Exercise –
The required output is a verbatim transcription of the listing, pictures excluded.

Dataset content –
------
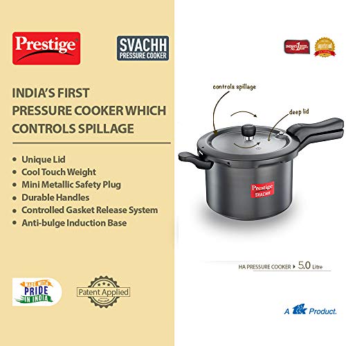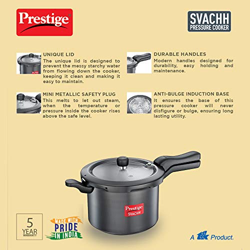 1 x Prestige Svachh 5 Litre Pressure Cooker with hard anodized Body (Black)
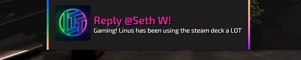 Reply @Seth W! Gaming! Linus has been using the steam deck a LOT
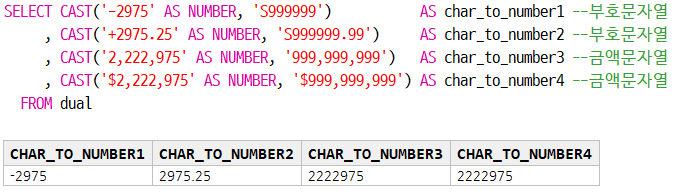 , CAST('+2975.25' AS NUMBER, 'S999999.99') AS char_to_number2 --부호문자열
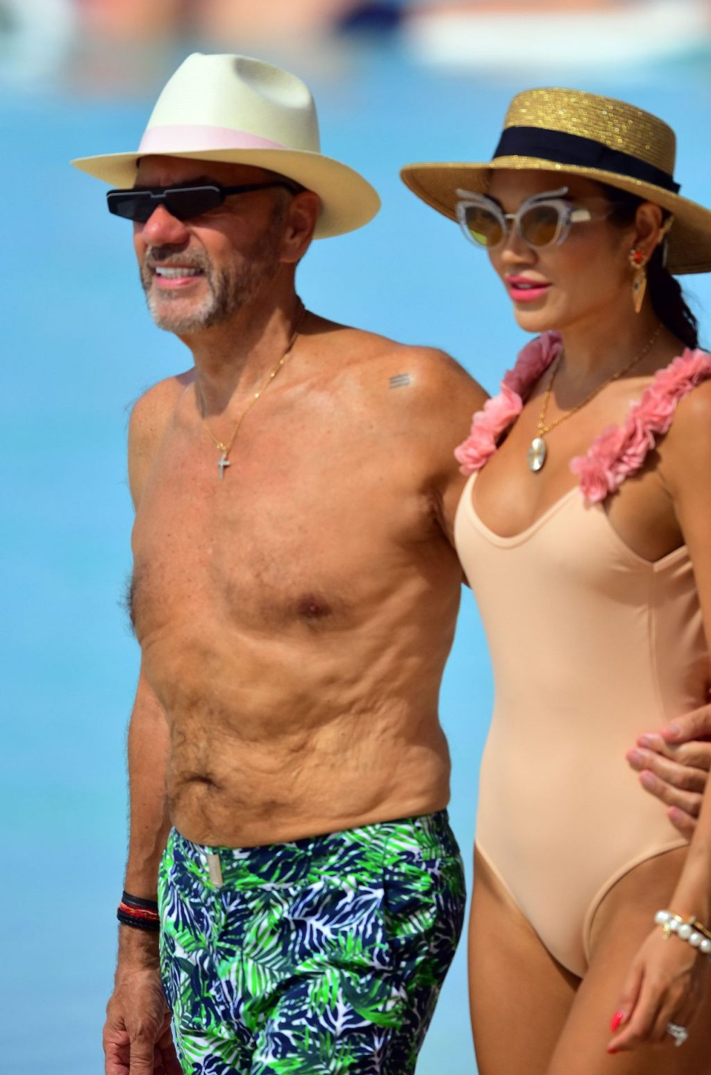 Duncan Bannatyne, 70, y su esposa Nigora, 39, muestran afecto en público y se toman de la mano durante un paseo romántico por la playa en Barbados, 26/12/2019.
------
Problem solution –
 1 x Prestige Svachh 5 Litre Pressure Cooker with hard anodized Body (Black)
 Reply @Seth W! Gaming! Linus has been using the steam deck a LOT
 , CAST('+2975.25' AS NUMBER, 'S999999.99') AS char_to_number2 --부호문자열
 Duncan Bannatyne, 70, y su esposa Nigora, 39, muestran afecto en público y se toman de la mano durante un paseo romántico por la playa en Barbados, 26/12/2019.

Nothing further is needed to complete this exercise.